Dr Judith Richards, Consultant Medical Microbiologist and Director of Infection Prevention and Control at NNUH, attributed the current fall to the Trust's zero tolerance approach to infection. She said: "There has been a culture change from accepting the infections happen to a zero tolerance approach but there remains no room for complacency. Infection prevention and control is everybody's business and we are all committed to reducing the risk to our patients from the board room to the wards.
"MRSA is one of the more well known infections but there will always be new organisms which will develop and sweep through the community. These infections then show up in hospitals where older patients and those with complex health problems are more vulnerable to infection.
"This has led us to develop a series of measures such as patient screening programmes, staff training, and regular audit which help us to maintain high standards. Keeping the environment clean, hand-washing and using single rooms to isolate patients with an infection are also top priorities."

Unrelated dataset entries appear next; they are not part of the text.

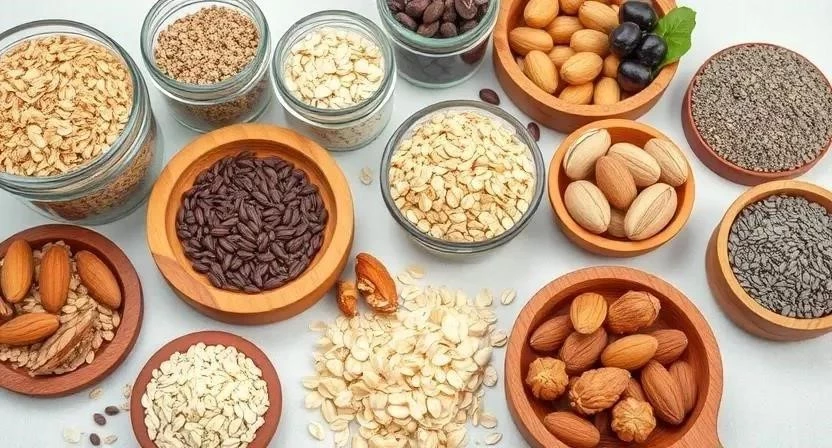 - Орехи и семена (миндаль, грецкие орехи, семена льна, семена чиа)
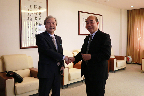 我校校长助理、外事处处长戴国庆和日语系主任张明明陪同鳥越皓之校长先后参观了国际会议中心、创意设计学院、欧式长廊、实训楼等场所。随后,常务副校长毛忠明在八号楼二楼贵宾室亲切会见了鸟越皓之校长,宾主双方就两校合作办学项目进行了深入探讨,并达成了初步合作意向。校长助理、外事处处长戴国庆,日语系主任张明明一起参加了会见。我校2012届日语系毕业生、目前正在大手前大学攻读博士学位的潘小宁陪同鸟越皓之校长一起前来母校访问。
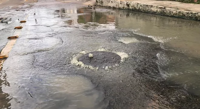 Na ocasião, é possível observar a rua alagada. De acordo com a moradora Ingrid, que mora em uma casa em frente ao bueiro aberto, a situação persiste há mais de quatro meses. “Cada vez que chove a situação se renova“, afirmou.
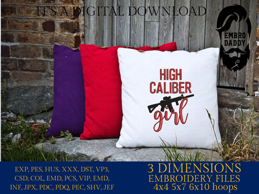 Machine Embroidery files, high caliber girl, PES, xxx, hus & more
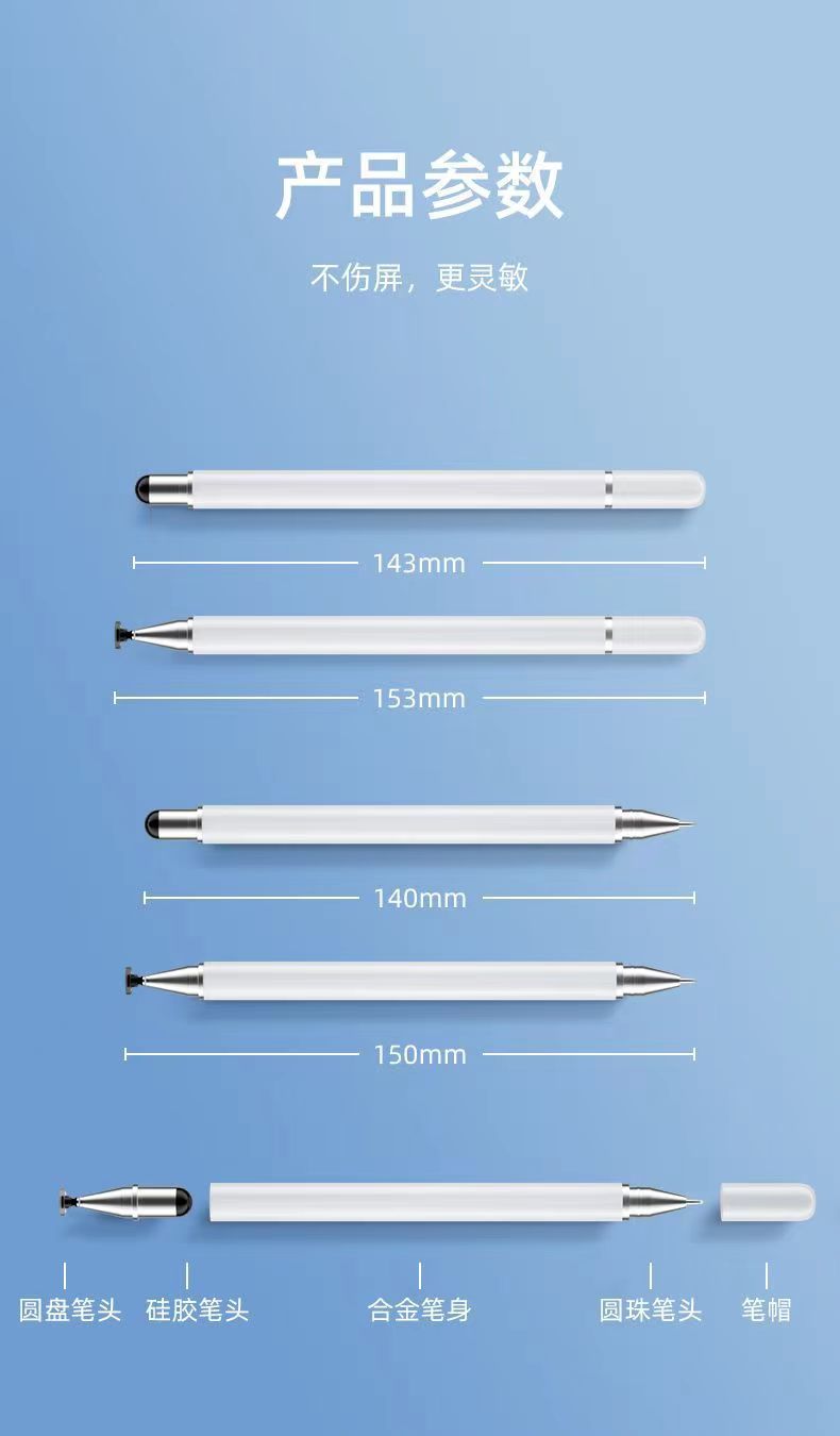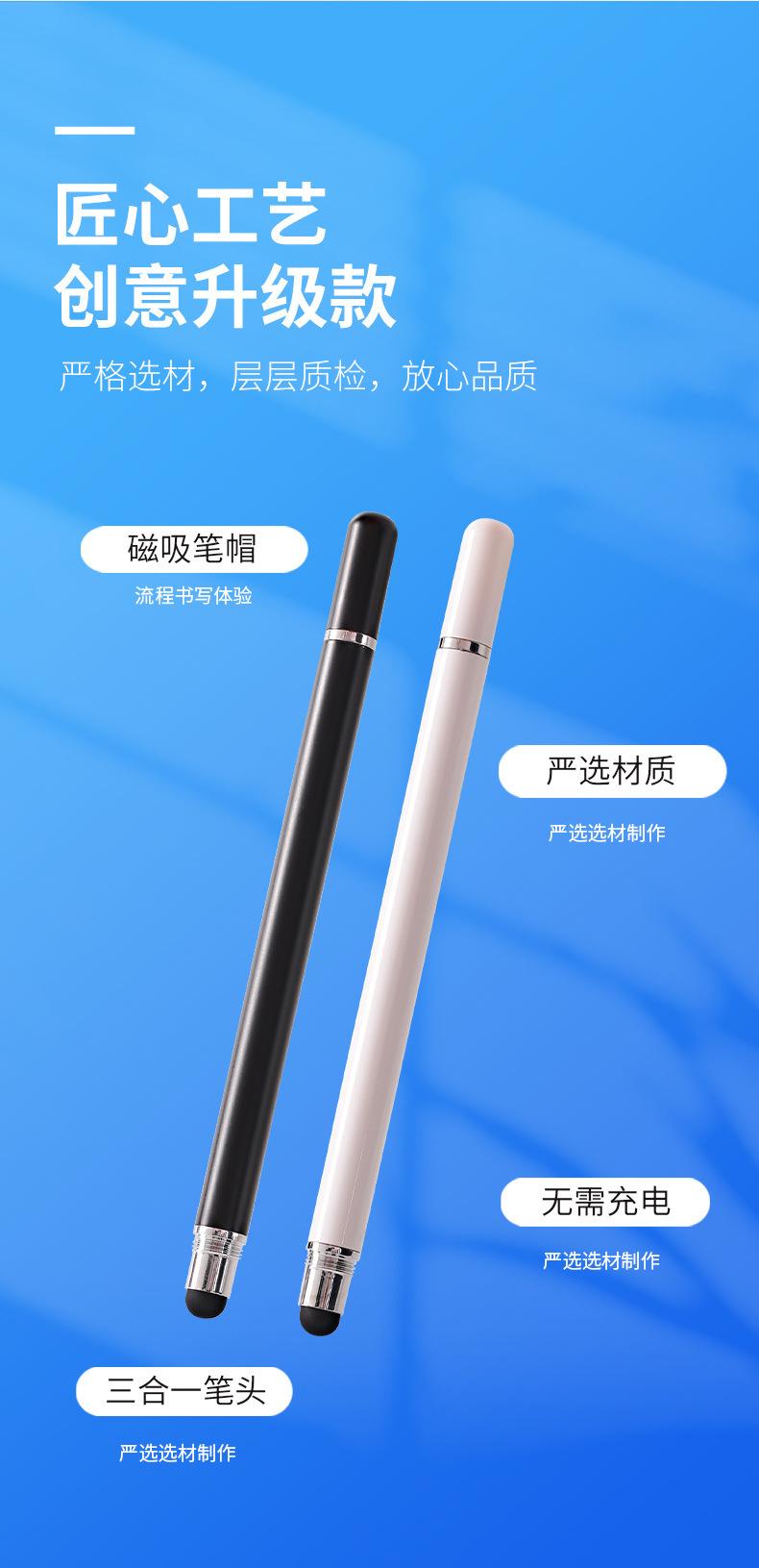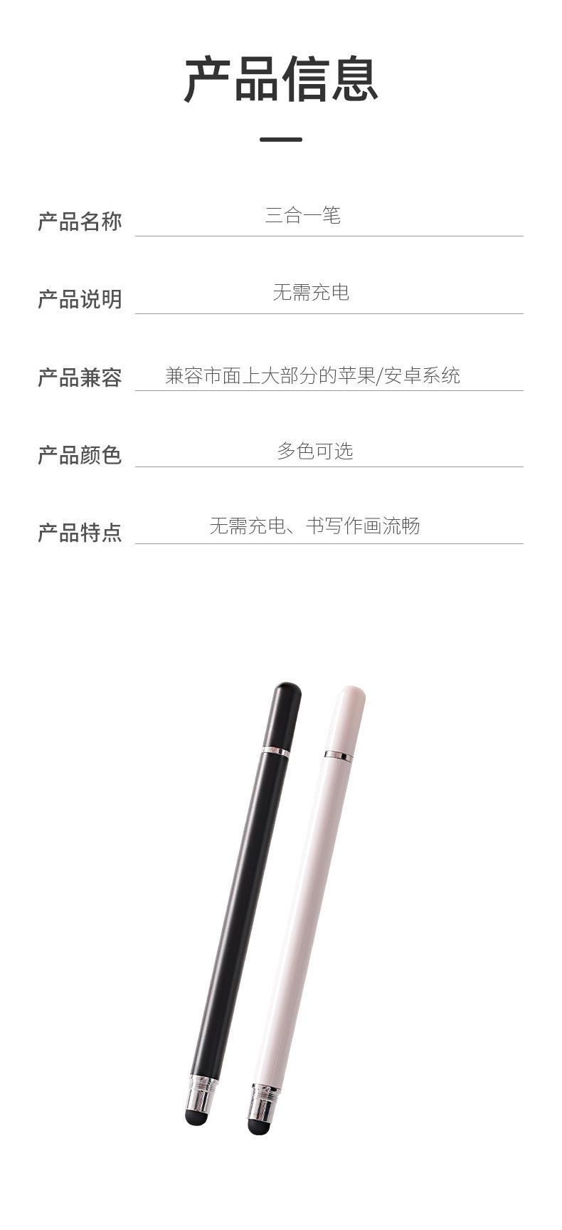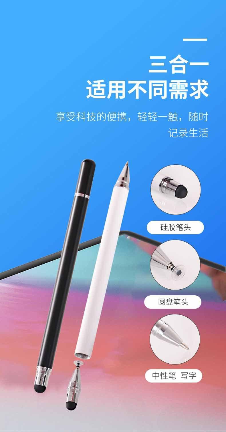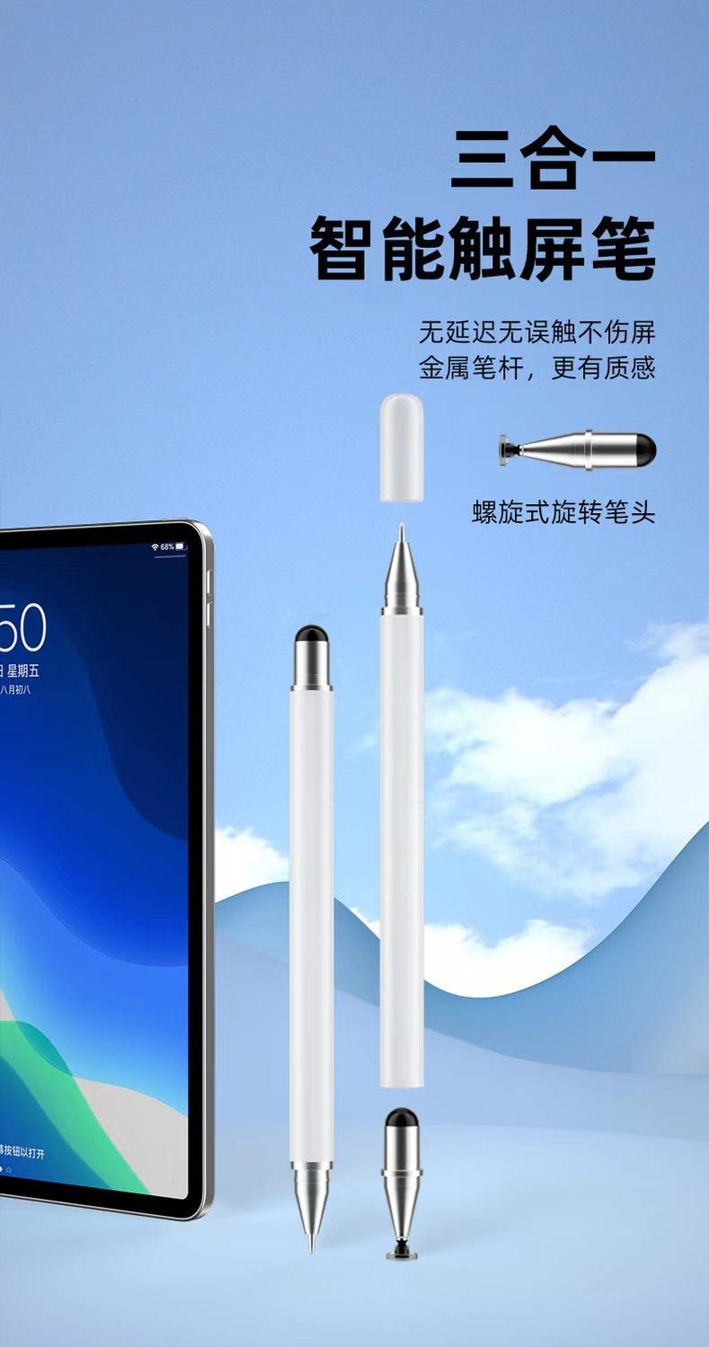 Nuevo lápiz óptico de metal tres en uno, lápiz capacitivo para videoclips, pintura de oficina, lápiz óptico para teléfono móvil y tableta.
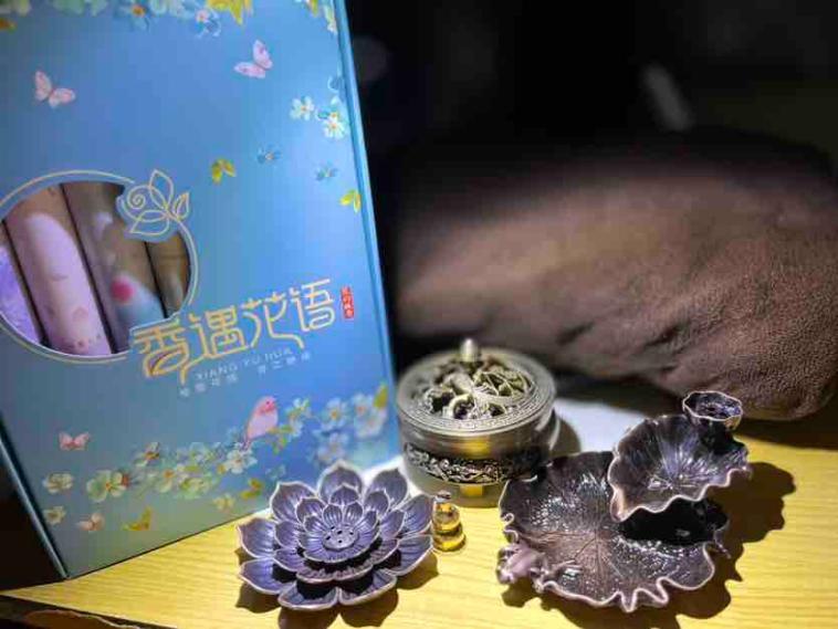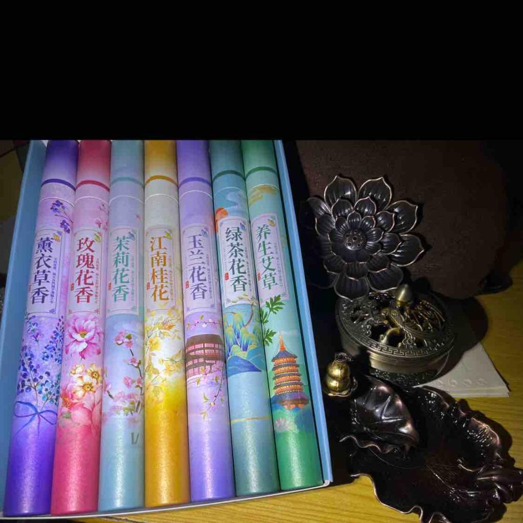一套七桶,盒盖一开,花香袭人。七种花香,七种享受。直播间蹲守的福利,等的很值得。多次购买后,这次终于凑齐了点香三宝。喜鹊登枝香炉、荷叶倒流香盘、莲花香盘。感觉人生圆满了。哦 ,还有一个小葫芦嘴香插。一家子齐全了。

The Trust has this year expanded its MRSA screening programme to all patients undergoing elective (planned) surgery. The Department of Health assumes that between 7.5 per cent and 10 per cent population may be colonised by MRSA which can be carried on the skin without any health problems. Data from the NNUH screening programme indicates this figure is closer to two per cent locally. The bacteria can cause an infection when a patient has a deep wound or the skin's defences are penetrated by equipment, such as an intravenous drip.
Patients who are colonised by MRSA are offered a special antibacterial skin wash and cream for the nostrils which helps to clear the bacteria prior to hospital admission and reduces the risk of an infection.
The Trust has also seen rates of another infection called Clostridium-difficile (C.diff) continue to fall during 2008. The Trust's target is to have fewer than 20 cases a month and last month there were just four cases.
This infection is associated with repeated antibiotic use in patients who have a chronic health condition. The antibiotics are often necessary to help patients recover from illnesses such as chest or kidney infections. In turn, these drugs can wipe out the good bacteria in the gut, leading to severe diarrhoea caused by the growth of the c-difficile bacteria. The rate of infection is reduced by changes to antibiotic prescribing, the use of isolation rooms, and deep cleaning of infected areas, as well as scrupulous hand hygiene.